Exercise requirements: In the data below, set down exactly the lines from the one containing "The parameters and" up to and including the one containing "通过房间墙壁上的导电表面和导". Leave the pictures out.

[Saved entries]
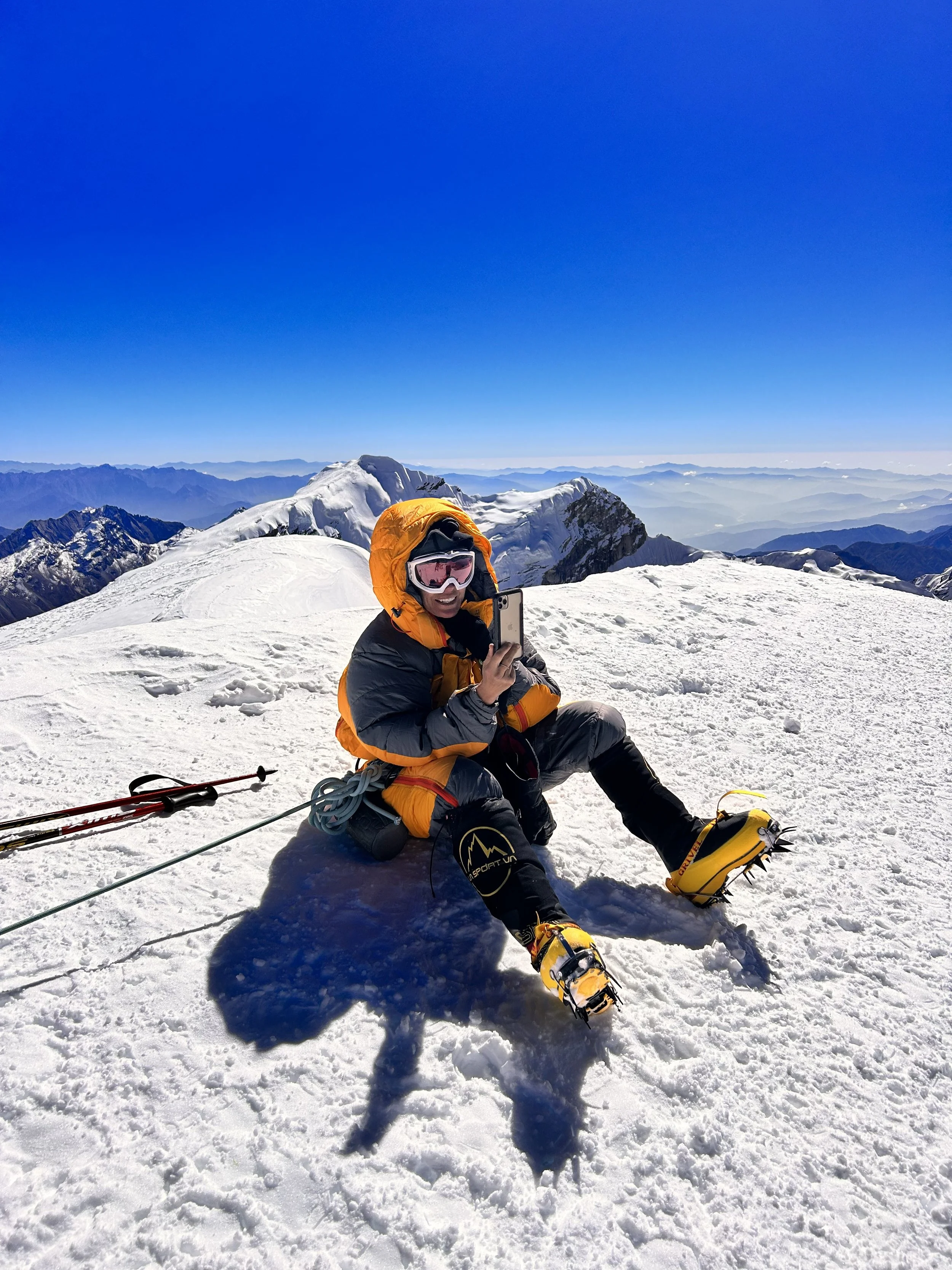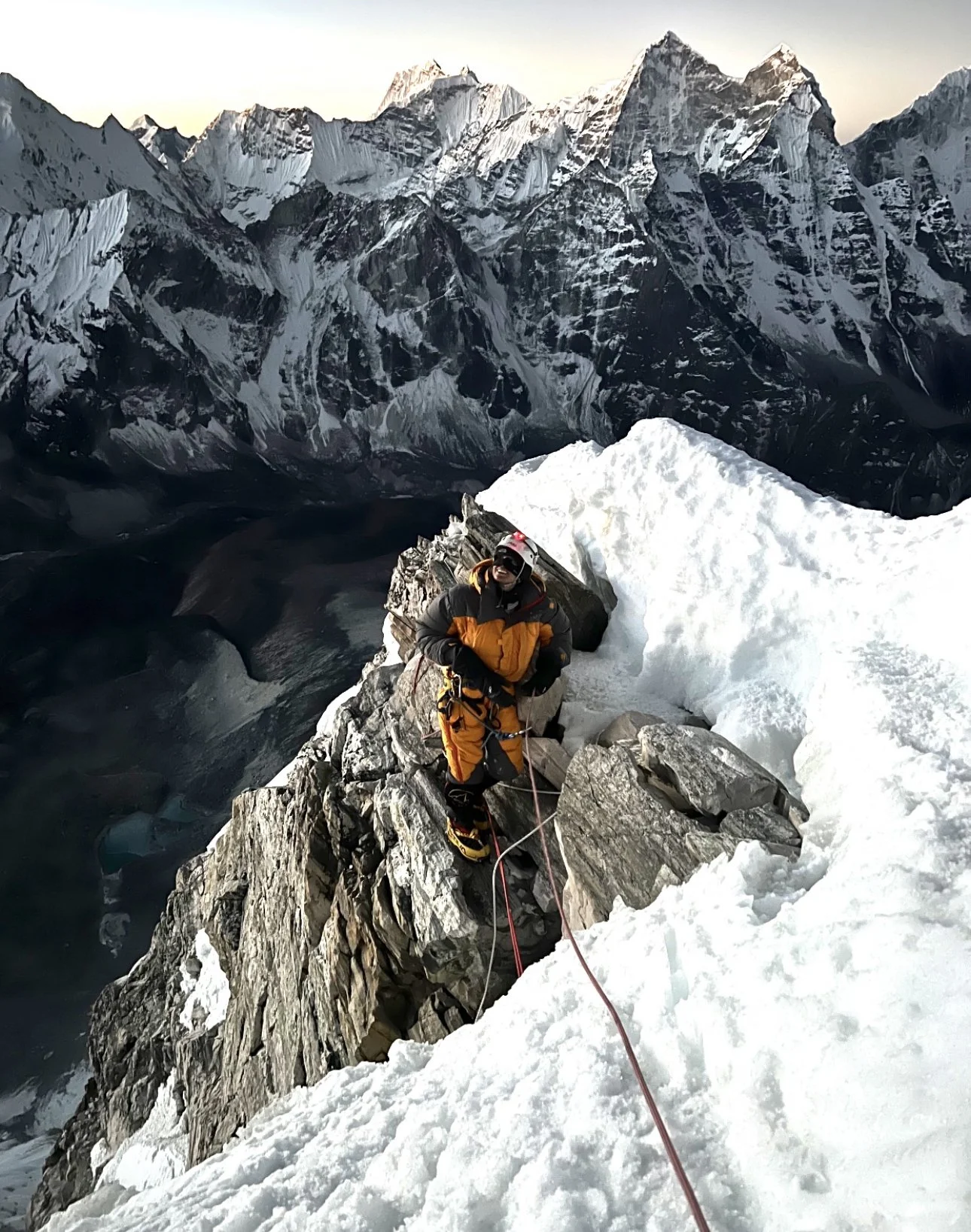 At 6,476m, Mera Peak was my first real taste of high-altitude mountaineering. It was the first time I climbed roped up, wearing crampons, starting out in the dark with a headlamp, and moving through the thin air above 6,000m. I reached the summit while battling COVID, which made every step heavier and more uncertain. But it was also the climb where I fell in love with mountaineering — and knew that no matter how uncomfortable it could be, I’d keep coming back to the Himalayas to climb again and again.
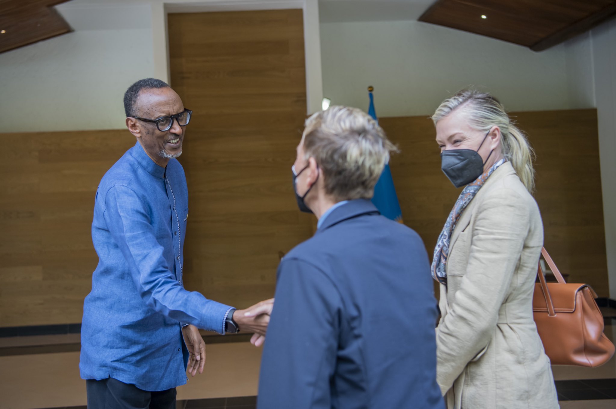 Perezida Kagame yamwakiririye Ellen DeGeneres mu Biro bye ari kumwe n’umukunzi we witwa Portia.
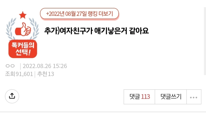 유머여자친구가 애기낳은거 같아요..위키뉴스 기자입력북마크공유가글자크기프린트댓글여자친구가 애기낳은거 같아요.. 위키뉴스 기자[email protected]카카오톡페이스북트위터밴드URL복사
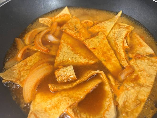 썰어 놓은 어묵을 먼저 넣어서 맛있는 육수가 우러나도록 합니다.
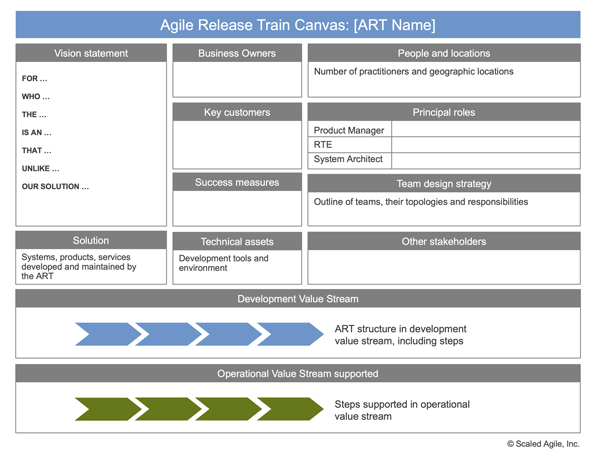The parameters and boundaries of the ART, its stakeholders, and its relationship to the value streams can be captured and summarized in the ‘ART canvas’ (Figure 6).
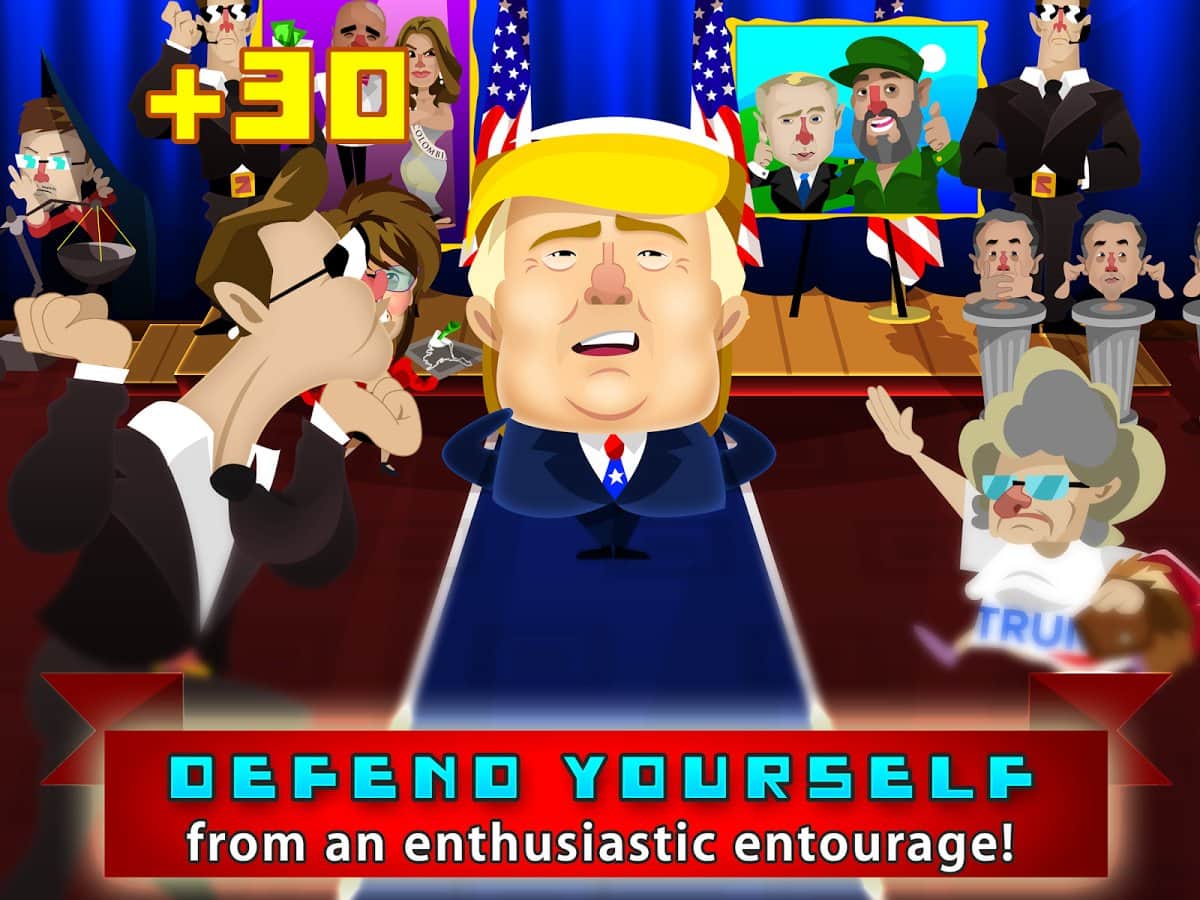 Thump Trump – ABD başkanlığına aday olan Donald Trump hakkında bir oyun. Tartışmalara katılıyoruz, rakiplerimizi dövüyoruz ve başkanlık koltuğuna daha da yaklaşmak için her şeyi yapıyoruz. Oyun, her oyuncuyu kesinlikle güldürecek çok eğlenceli ve renkli bir arcade'dir ve ünlü kişilik Donald Trump, ekrandaki olaylara olan ilgiyi artıracaktır. Oyundaki harika grafiğin yanı sıra, eğlenceli bir müzik parçası, yaşanan eğlenceli kaosa daha da derinlemesine dalmanıza yardımcı olacaktır. İyi oyunlar!
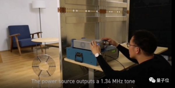 通过房间墙壁上的导电表面和导电极来产生共振磁场,最后再用一个小线圈组成的接收设备就可以给手机等设备充电了。
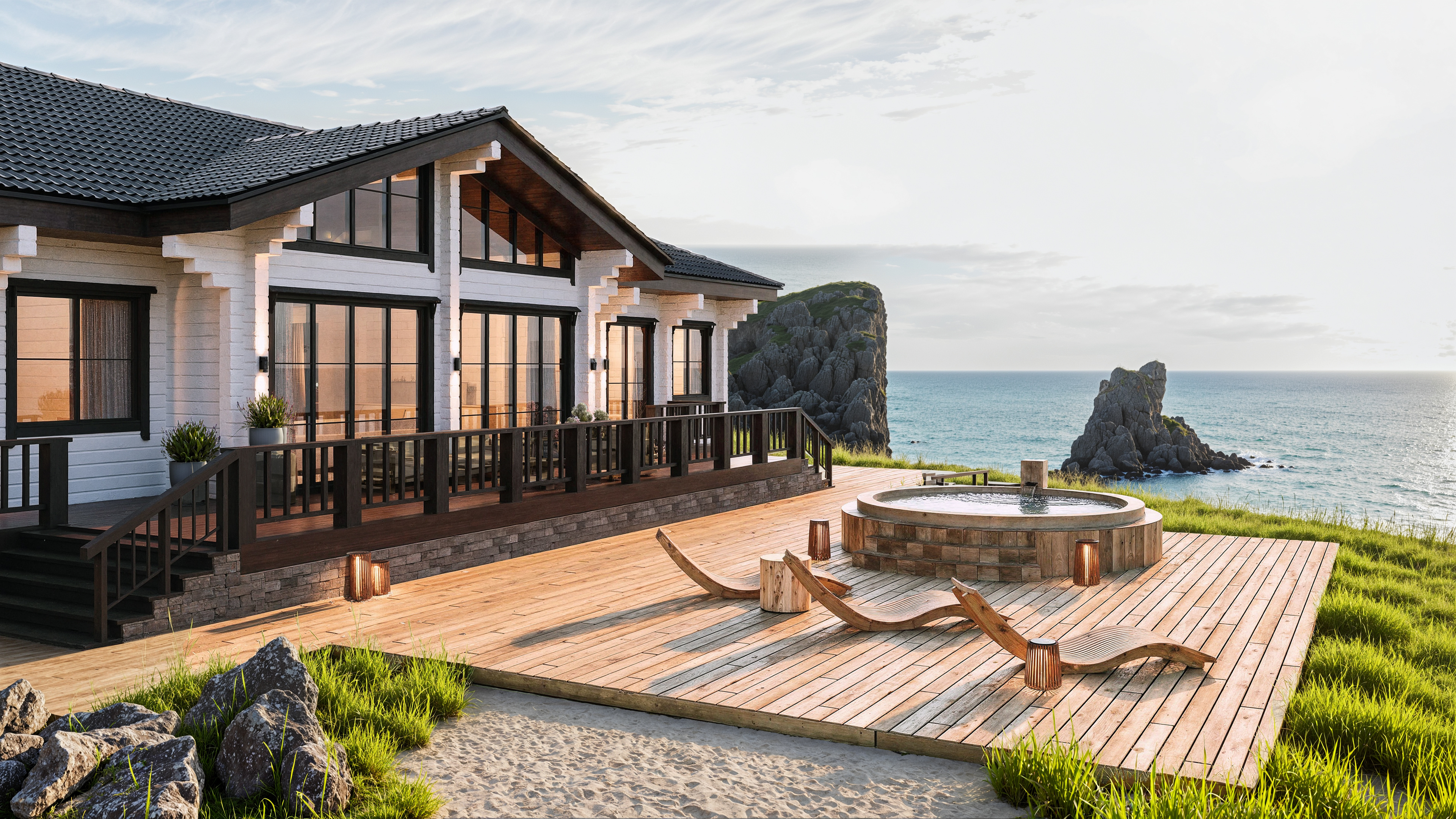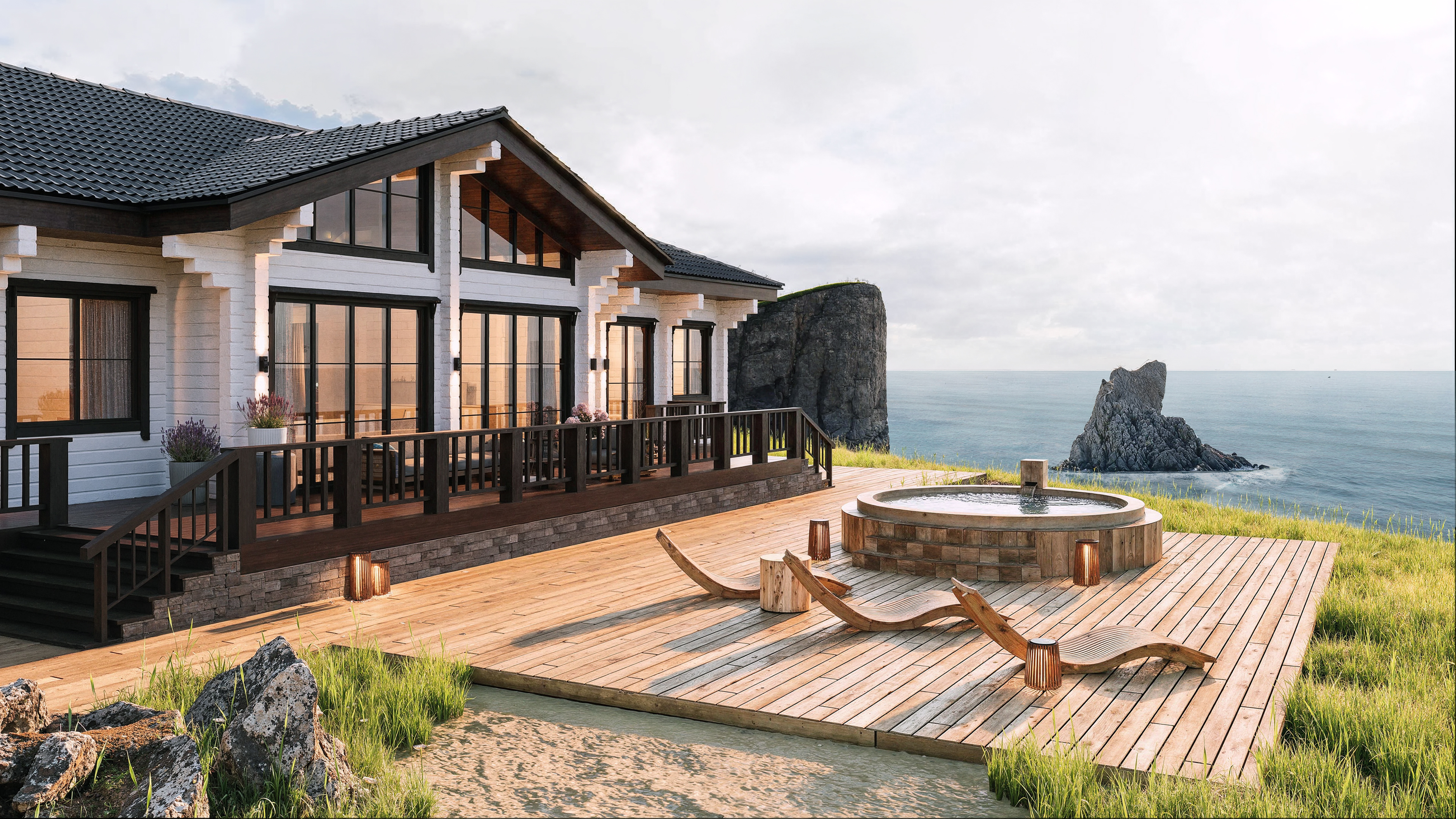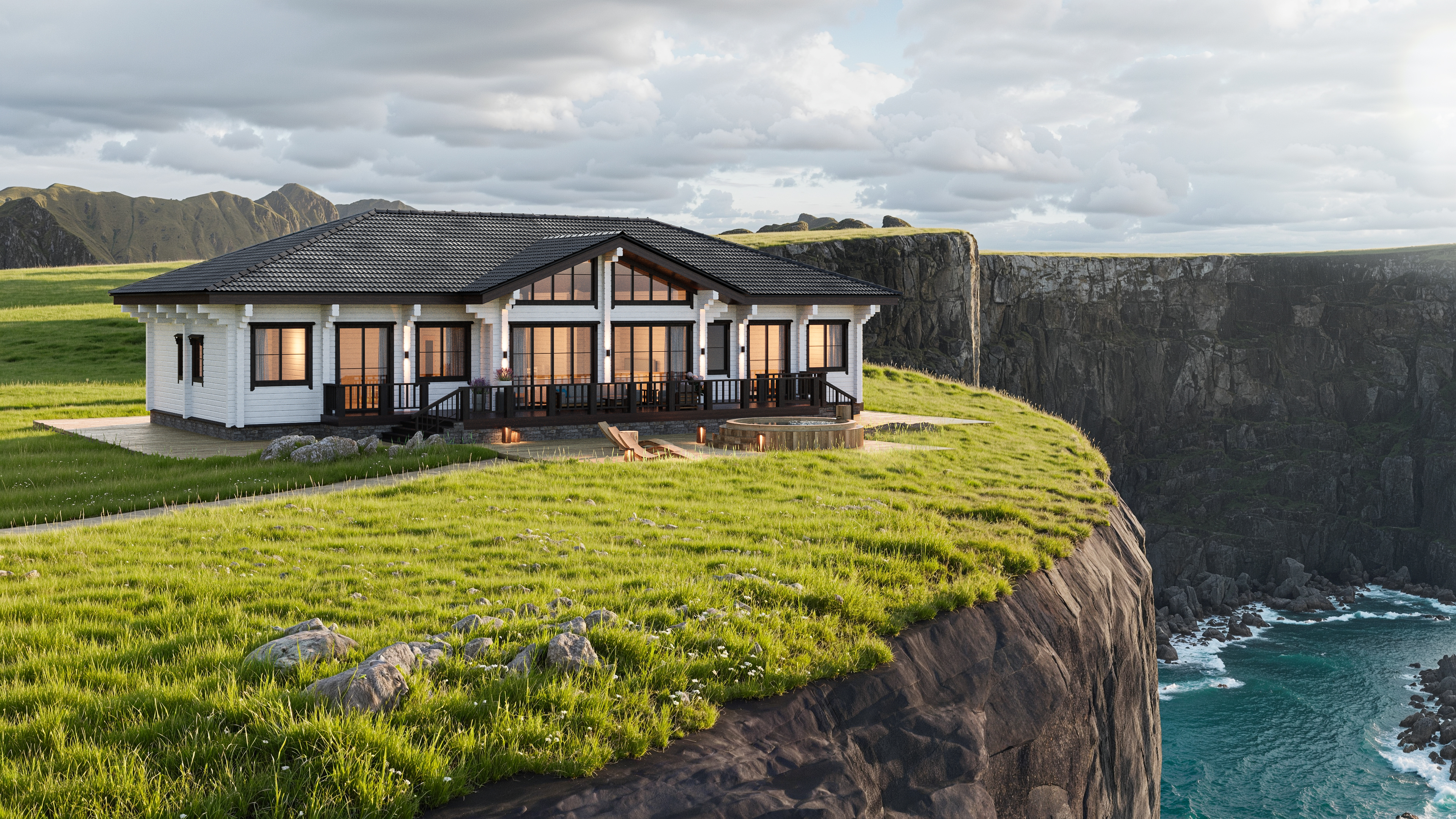 Визуализация дома на скале. В проекте был использован ресурс NishAI, для придания реализма растительности и другим природным объектам. Для сравнения: второе изображение с использованием ии (но отредактированное в photoshop), третье изображение без(только 3ds Max+coronarender+photoshop). Все остальные рендеры с небольшой доработкой ии.

Result of the task:
The parameters and boundaries of the ART, its stakeholders, and its relationship to the value streams can be captured and summarized in the ‘ART canvas’ (Figure 6).
 Thump Trump – ABD başkanlığına aday olan Donald Trump hakkında bir oyun. Tartışmalara katılıyoruz, rakiplerimizi dövüyoruz ve başkanlık koltuğuna daha da yaklaşmak için her şeyi yapıyoruz. Oyun, her oyuncuyu kesinlikle güldürecek çok eğlenceli ve renkli bir arcade'dir ve ünlü kişilik Donald Trump, ekrandaki olaylara olan ilgiyi artıracaktır. Oyundaki harika grafiğin yanı sıra, eğlenceli bir müzik parçası, yaşanan eğlenceli kaosa daha da derinlemesine dalmanıza yardımcı olacaktır. İyi oyunlar!
 通过房间墙壁上的导电表面和导电极来产生共振磁场,最后再用一个小线圈组成的接收设备就可以给手机等设备充电了。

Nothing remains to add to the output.